Question

An infinite number of identical charges, each $+q\text{coulomb}$, are placed along $\text{x-}$axis at $x=1\text{m},3\text{m},9\text{m},...$ Calculate the electric field at the point $x=0$ due to these charges.

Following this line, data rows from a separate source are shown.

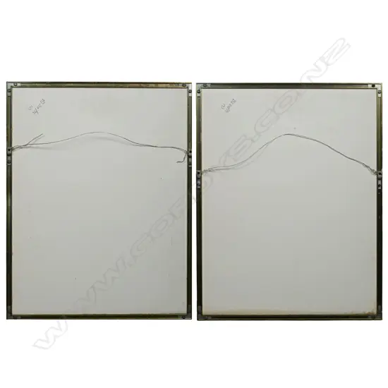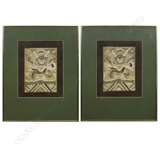 depicting sinuous dragons amongst clouds above a stylised land or sea scape. 320 x 260mm. Framed under glass.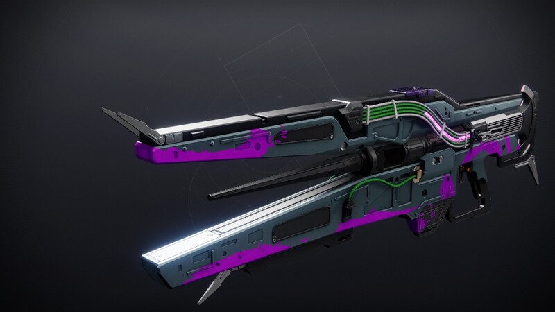 This image is a screenshot of a weapon from the Destiny series of first-person shooter video games developed by Bungie Studios and published by Bungie or Activision. It falls under the screenshot category for a copyrighted computer game or video game, and the copyright for it is most likely held by the company that developed the game. It is believed that the use of a limited number of web-resolution screenshots: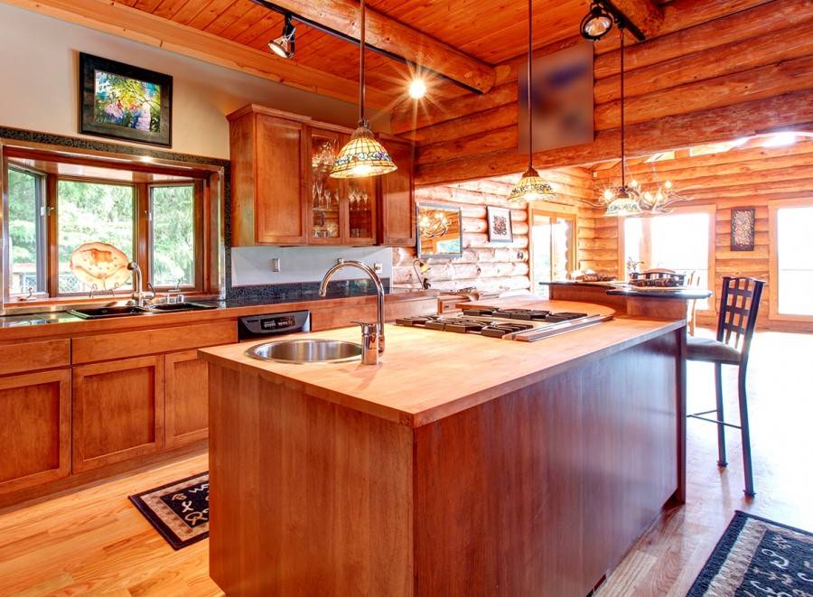 Если упор делается на экологичность и максимальную приближенность кухни к деревенскому укладу, дерево – самый подходящий отделочный материал как для мебели, так и для пола, стен, оконных рам.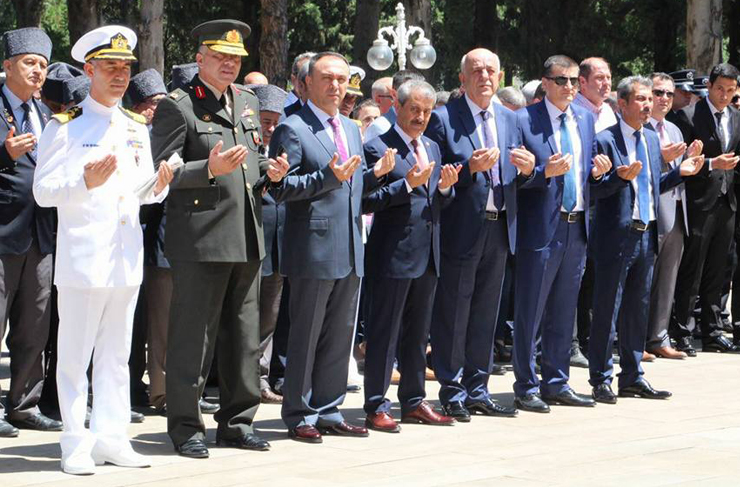 Şehitlikteki törende ilk olarak saygı duruşunda bulunularak istiklal marşı okundu ve ardından İskenderun İlçe Müftüsü Mehmet Taştan tarafından dua okundu.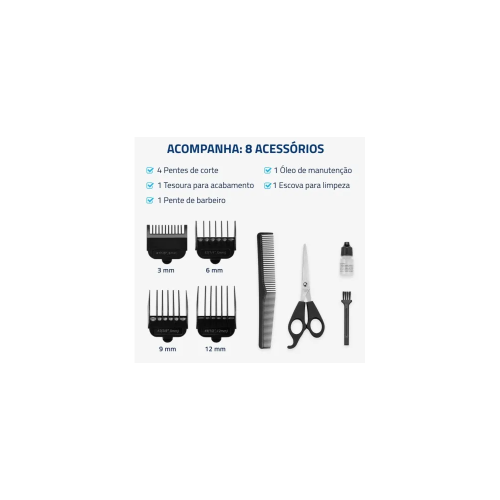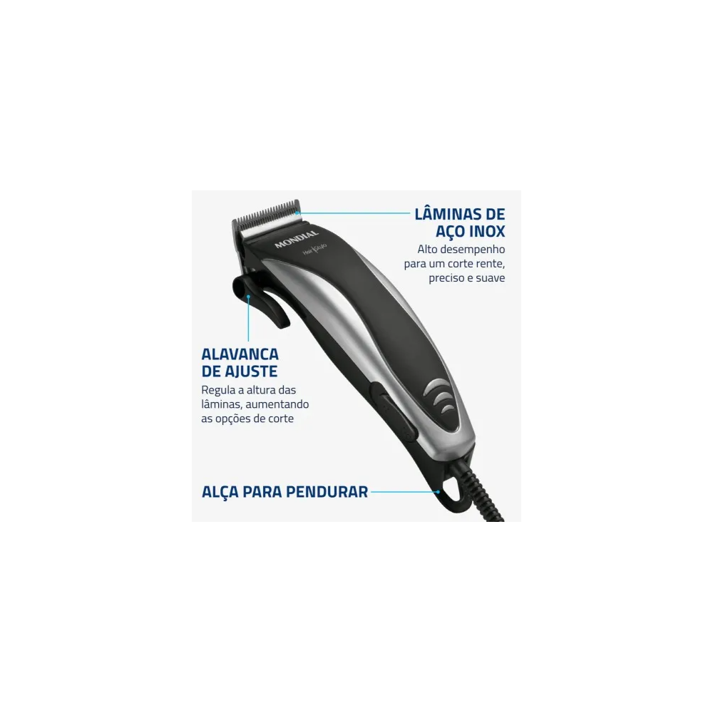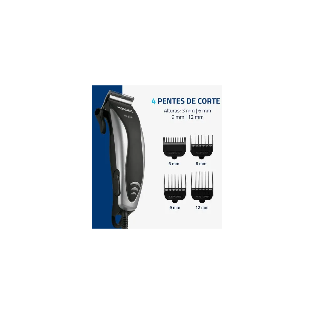 Maquina Cortar Cabelos Mondial 4 Pentes Silver Black

• A. $\frac{1}{4\pi {\epsilon }_0}\frac{9q}{8}{\text{NC}}^{-1}$
• B. $\frac{1}{4\pi {\epsilon }_0}\frac{9q}{10}{\text{NC}}^{-1}$
• C. $\frac{1}{4\pi {\epsilon }_0}\frac{9q}{7}{\text{NC}}^{-1}$
• D. $\frac{1}{4\pi {\epsilon }_0}\frac{9q}{5}{\text{NC}}^{-1}$

Answer 1

The correct option is A $\frac{1}{4\pi {\epsilon }_0}\frac{9q}{8}{\text{NC}}^{-1}$

Electric field at origin will be resultant of all electric fields due to individual charges.

$E_0=E_1+E_2+E_3+...$

Substituting the values of the electric field due to each charge, we get

$E_0=\frac{kq}{1^2}+\frac{kq}{3^2}+\frac{kq}{9^2}+...$

$\Rightarrow E_0=kq[\frac{1}{1^2}+\frac{1}{3^2}+\frac{1}{9^2}+.....]$

$\Rightarrow E_0=\frac{q}{4\pi {\epsilon }_0}[1+\frac{1}{9}+\frac{1}{81}+...]...\left(1\right)$

As we know that sum of infinite terms of Geometric progression,

$S_{\infty }=\frac{a}{(1-r)}$

Where $a=1$ is the first term and

$r$ is the ratio of two consecutive terms, $r=\frac{b}{a}=\frac{\frac{1}{9}}{1}=\frac{1}{9}$

Now, substituting the values in $\left(1\right)$,

$E_0=\frac{q}{4\pi {\epsilon }_0}\left[\frac{a}{(1-r)}\right]$

$\Rightarrow E_0=\frac{q}{4\pi {\epsilon }_0}\left[\frac{1}{(1-\frac{1}{9})}\right]$

$\Rightarrow E_0=\frac{9}{8}\left(\frac{q}{4\pi {\epsilon }_0}\right)$

Hence, option (a) is correct answer.